Mitochondrial dysfunction is a well-known contributor to aging and age-related diseases. The precise mechanisms through which mitochondria impact human lifespan, however, remain unclear. We hypothesize that humans with exceptional longevity harbor rare variants in nuclear-encoded mitochondrial genes (mitonuclear genes) that confer resistance against age-related mitochondrial dysfunction. Here we report an integrated functional genomics study to identify rare functional variants in ~ 660 mitonuclear candidate genes discovered by target capture sequencing analysis of 496 centenarians and 572 controls of Ashkenazi Jewish descent. We identify and prioritize longevity-associated variants, genes, and mitochondrial pathways that are enriched with rare variants. We provide functional gene variants such as those in MTOR (Y2396Lfs*29), CPS1 (T1406N), and MFN2 (G548*) as well as LRPPRC (S1378G) that is predicted to affect mitochondrial translation. Taken together, our results suggest a functional role for specific mitonuclear genes and pathways in human longevity.

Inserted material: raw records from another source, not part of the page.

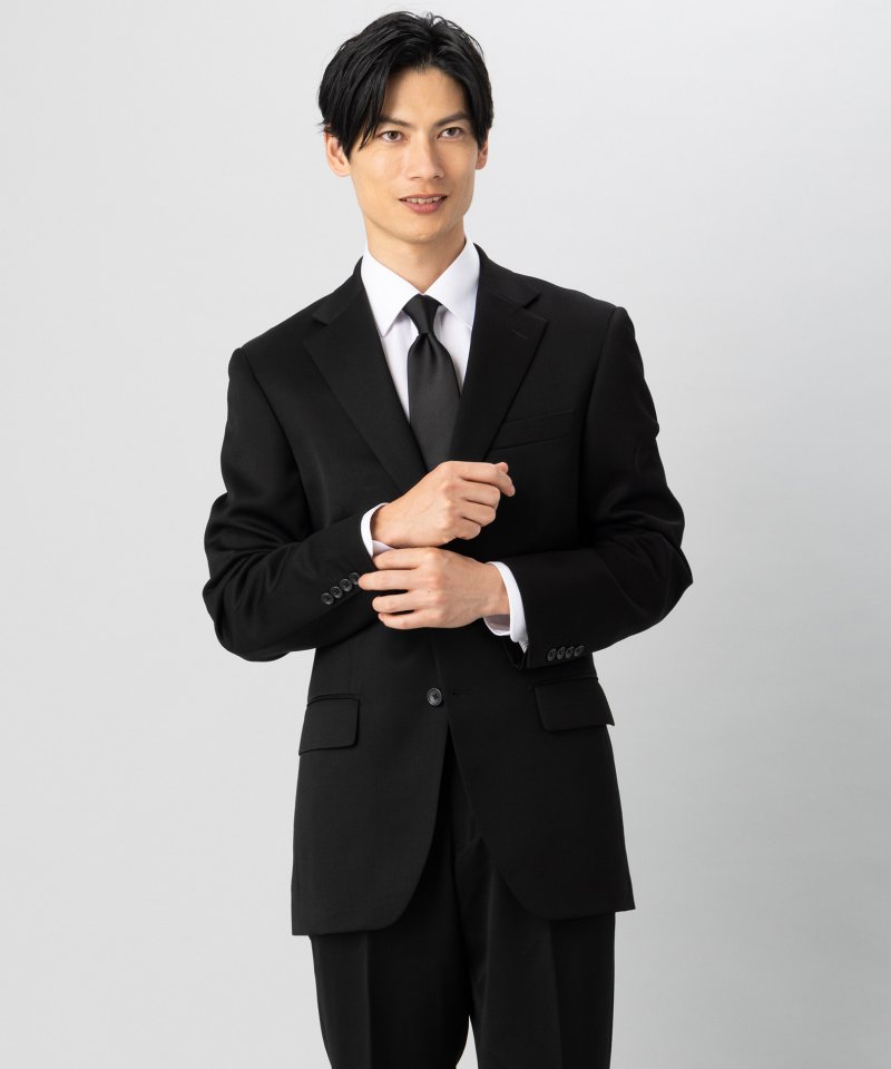 濃染加工が施された深い黒色に生地に、シルクのようなしなやかさが際立つ。AMFステッチや重ねボタンなどの飾り気を省き、弔事も席でも安心して着ることができる一着。
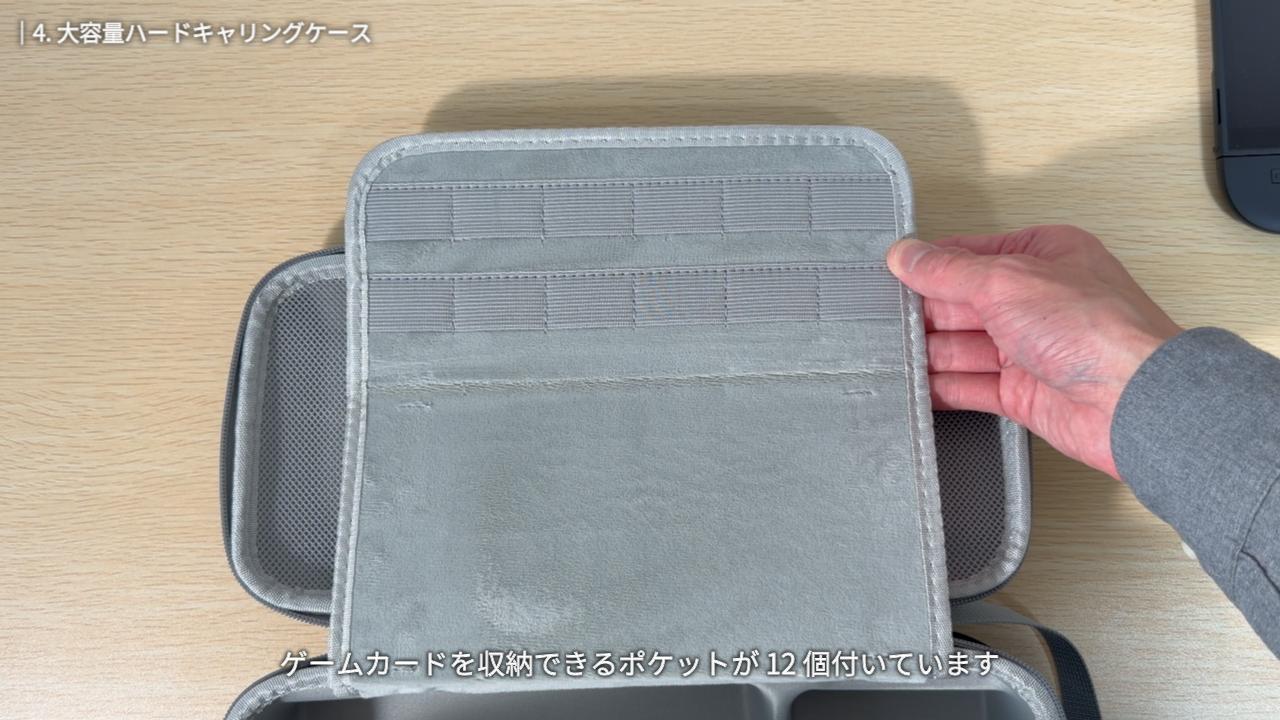 仕切りの裏側には、ゲームカードを収納できるポケットが12個付いています。
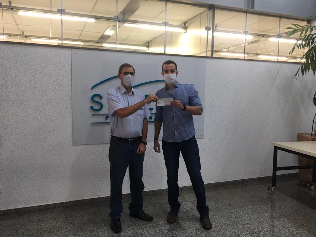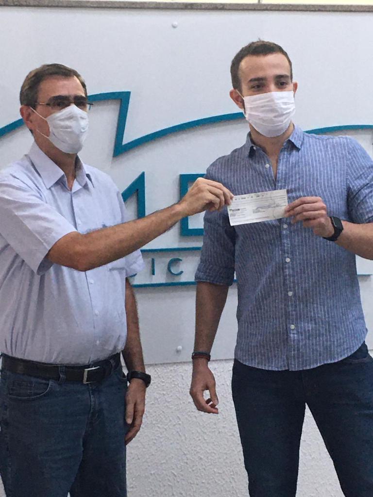 Pedro Henrique Campos Bellato recebeu das mãos do vice-presidente da entidade, Paulo Estevam de Camargo, um cheque no valor de um salário mínimo.

众所周知，线粒体功能障碍是导致衰老和与年龄相关的疾病的一个因素。然而，线粒体影响人类寿命的确切机制仍不清楚。我们假设，长寿的人类在核编码的线粒体基因（线粒体核基因）中存在罕见的变异，这些变异可以抵抗与年龄相关的线粒体功能障碍。在这里，我们报告了一项综合功能基因组学研究，旨在识别约 660 个线粒体核候选基因中的罕见功能变异，这些基因是通过对 496 名百岁老人和 572 名德系犹太人后裔对照进行目标捕获测序分析而发现的。我们识别并优先考虑富含罕见变异的长寿相关变异、基因和线粒体途径。我们提供功能性基因变体，例如MTOR (Y2396Lfs*29)、CPS1 (T1406N) 和MFN2 (G548*) 以及LRPPRC (S1378G) 中的变体，预计会影响线粒体翻译。综上所述，我们的结果表明特定线粒体核基因和通路在人类长寿中发挥着功能作用。